Directions for this task: Give back, exactly and with nothing else, the lines running from the one that contains "3、回到客堂界面,响应客人的" to the end of the entries below; do not include pictures.

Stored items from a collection
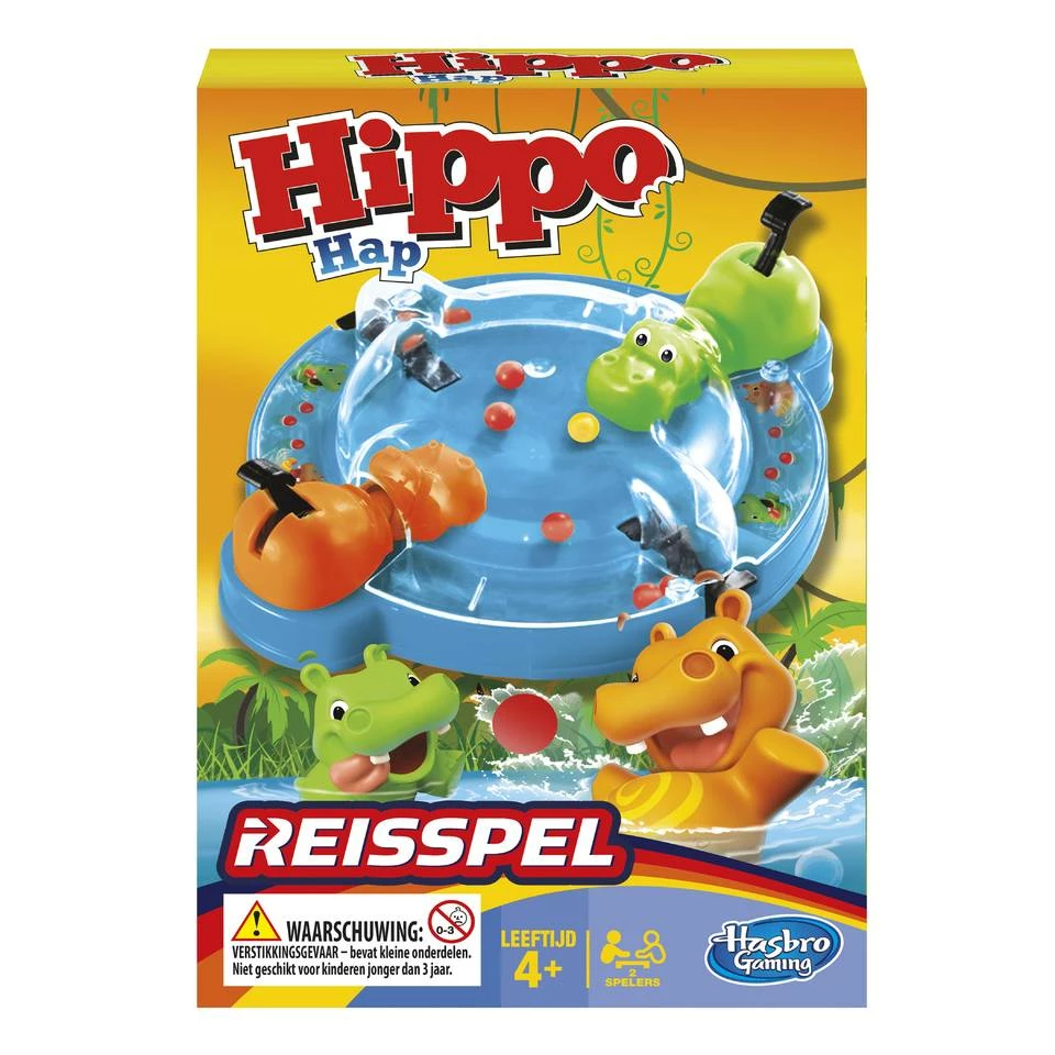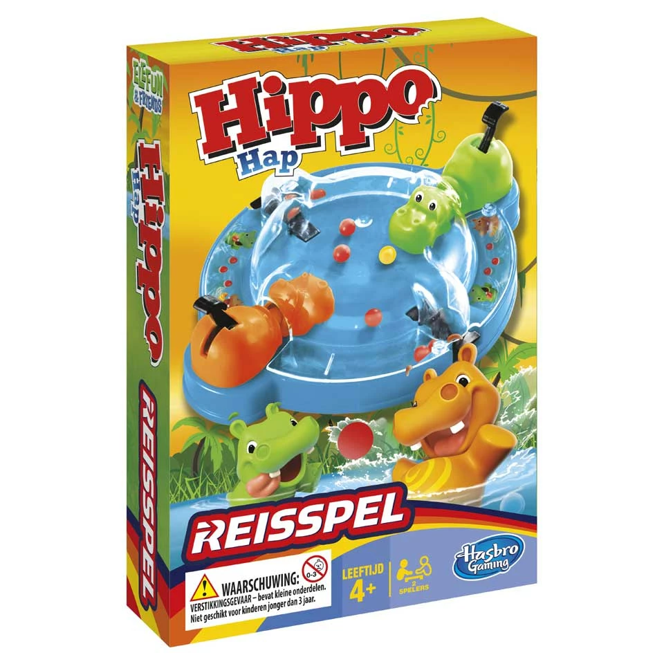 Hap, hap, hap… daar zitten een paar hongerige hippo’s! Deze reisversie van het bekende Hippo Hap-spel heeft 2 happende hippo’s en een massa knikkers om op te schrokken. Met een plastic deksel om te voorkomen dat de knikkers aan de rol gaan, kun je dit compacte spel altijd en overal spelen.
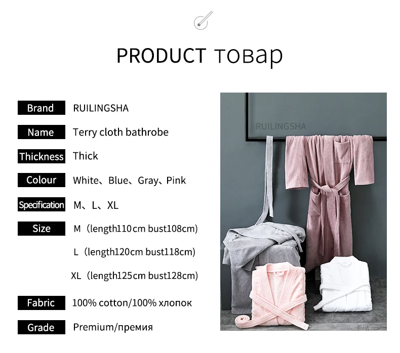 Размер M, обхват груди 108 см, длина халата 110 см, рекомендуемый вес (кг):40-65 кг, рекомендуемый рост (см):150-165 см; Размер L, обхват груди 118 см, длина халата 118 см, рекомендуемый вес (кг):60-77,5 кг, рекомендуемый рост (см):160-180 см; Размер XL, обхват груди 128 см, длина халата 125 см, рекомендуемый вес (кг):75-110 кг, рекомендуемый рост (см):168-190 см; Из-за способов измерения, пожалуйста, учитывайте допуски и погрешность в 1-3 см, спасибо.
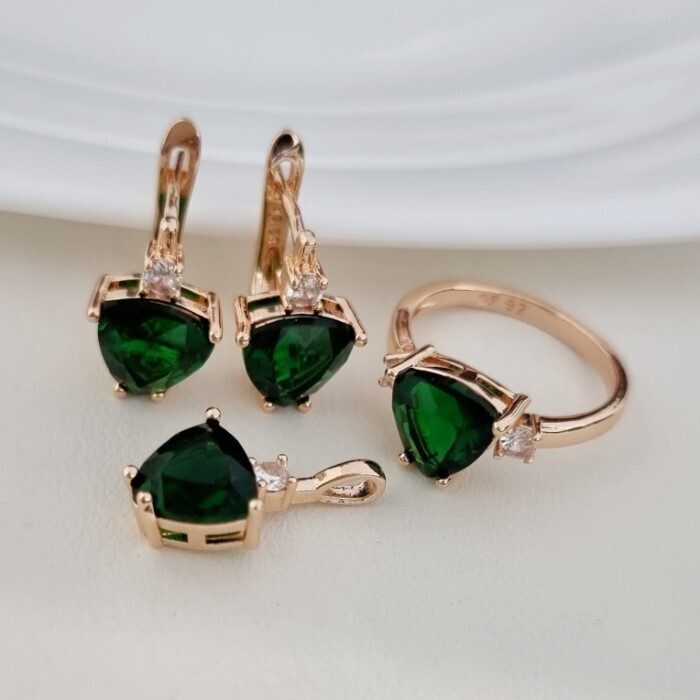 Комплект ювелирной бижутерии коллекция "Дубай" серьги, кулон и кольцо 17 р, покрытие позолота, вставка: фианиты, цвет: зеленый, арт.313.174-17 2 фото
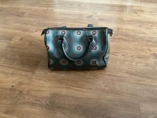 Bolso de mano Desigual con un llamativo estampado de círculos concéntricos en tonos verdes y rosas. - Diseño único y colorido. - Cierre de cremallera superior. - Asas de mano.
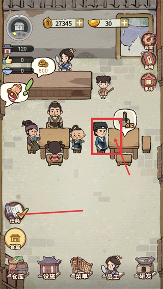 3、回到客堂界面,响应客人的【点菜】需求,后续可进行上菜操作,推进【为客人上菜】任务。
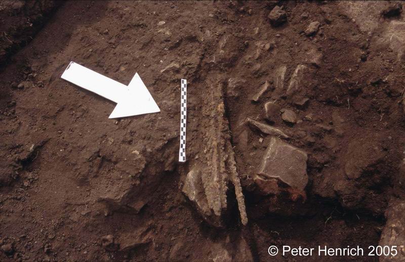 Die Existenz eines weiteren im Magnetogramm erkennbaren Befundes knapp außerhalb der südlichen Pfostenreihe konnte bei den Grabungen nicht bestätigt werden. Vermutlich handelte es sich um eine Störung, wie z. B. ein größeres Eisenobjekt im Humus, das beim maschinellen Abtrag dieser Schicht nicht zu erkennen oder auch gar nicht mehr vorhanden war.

Solution for this problem:
 3、回到客堂界面,响应客人的【点菜】需求,后续可进行上菜操作,推进【为客人上菜】任务。
 Die Existenz eines weiteren im Magnetogramm erkennbaren Befundes knapp außerhalb der südlichen Pfostenreihe konnte bei den Grabungen nicht bestätigt werden. Vermutlich handelte es sich um eine Störung, wie z. B. ein größeres Eisenobjekt im Humus, das beim maschinellen Abtrag dieser Schicht nicht zu erkennen oder auch gar nicht mehr vorhanden war.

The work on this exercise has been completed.